▸ Problem details
Return the data below exactly, minus the pictures.

═══ Listed records ═══

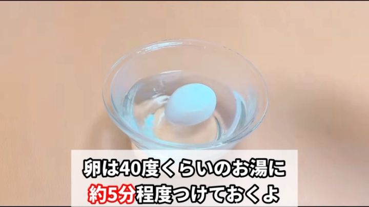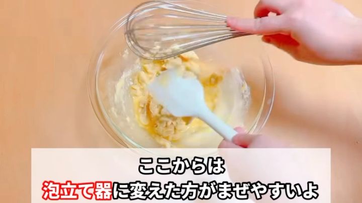 こうすることで、バターと混ぜたときに分離しにくくなりますよ。
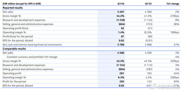 财报暴露,诺基亚2026年第一季度摊薄后每股收益为0.02欧元,退换后每股收益则为0.05欧元,高于分析师预期的0.04欧元。同期,退换后买卖利润为2.81亿欧元,超出商场预期的2.444亿欧元。
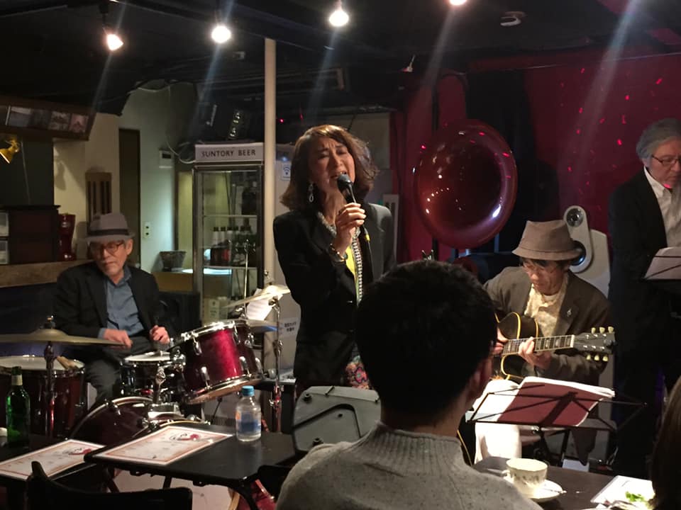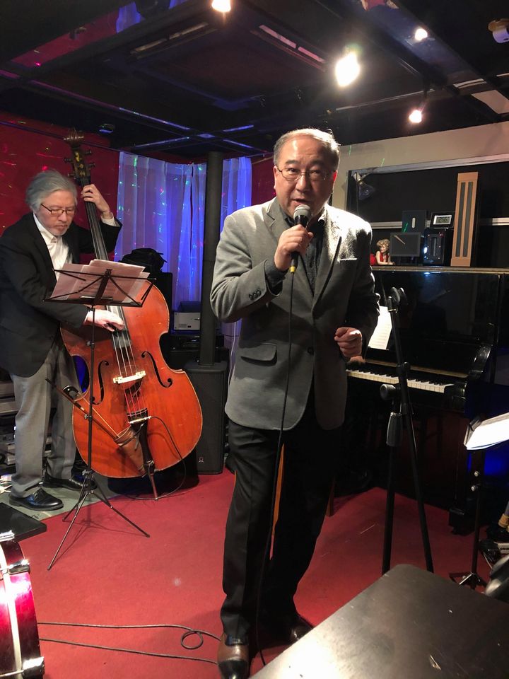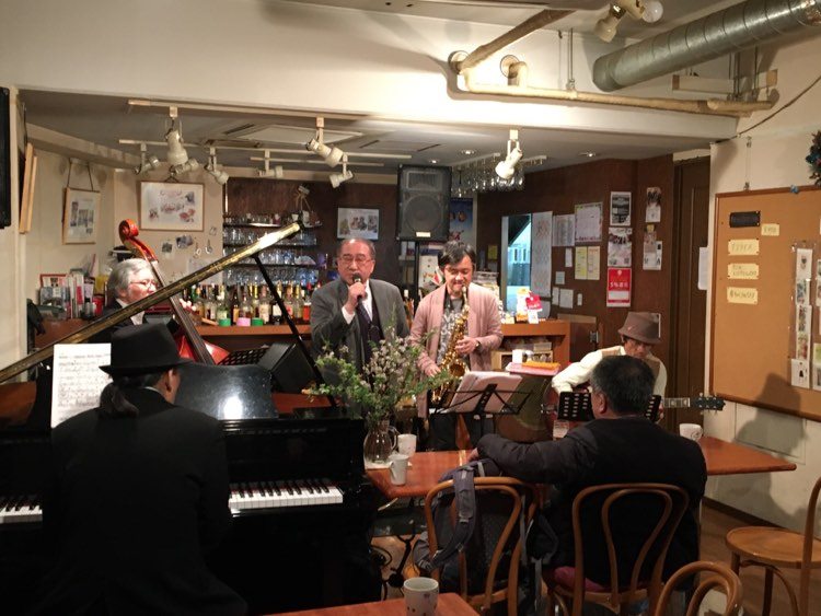 恒例の諸田さんのグループで、ベースもお馴染みの林さん、そしてこの日のヴォーカルは1年前に一緒にライブをやった田中国夫さんでした。他のライブのお客さんとしても来ていただいています。
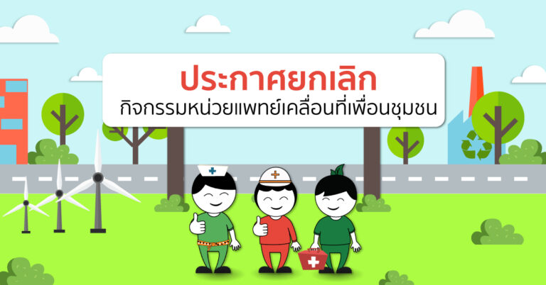 กิจกรรมหน่วยแพทย์เคลื่อนที่่เพื่อนชุมชน ประกาศยกเลิกกิจกรรมหน่วยแพทย์เคลื่อนที่เพื่อนชุมชน เนื่องจากสถานการณ์การแพร่ระบาดของเชื้อไวรัส COVID-19 ที่มีการแพร่ระบาด
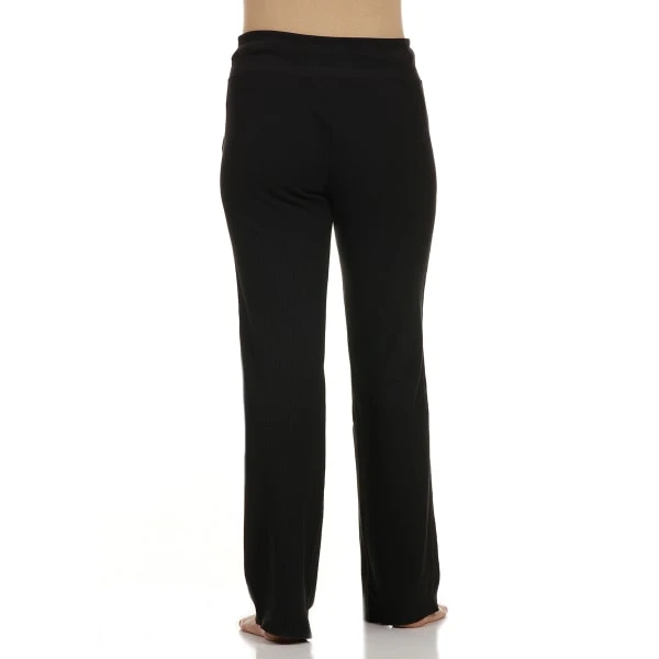 The Women’s Wide Leg Pants are made of a knit cotton and polyester blend, with a Calvin Klein logo and a drawstring waist.

═══

▸ Output of the task
 こうすることで、バターと混ぜたときに分離しにくくなりますよ。
 财报暴露,诺基亚2026年第一季度摊薄后每股收益为0.02欧元,退换后每股收益则为0.05欧元,高于分析师预期的0.04欧元。同期,退换后买卖利润为2.81亿欧元,超出商场预期的2.444亿欧元。
 恒例の諸田さんのグループで、ベースもお馴染みの林さん、そしてこの日のヴォーカルは1年前に一緒にライブをやった田中国夫さんでした。他のライブのお客さんとしても来ていただいています。
 กิจกรรมหน่วยแพทย์เคลื่อนที่่เพื่อนชุมชน ประกาศยกเลิกกิจกรรมหน่วยแพทย์เคลื่อนที่เพื่อนชุมชน เนื่องจากสถานการณ์การแพร่ระบาดของเชื้อไวรัส COVID-19 ที่มีการแพร่ระบาด
 The Women’s Wide Leg Pants are made of a knit cotton and polyester blend, with a Calvin Klein logo and a drawstring waist.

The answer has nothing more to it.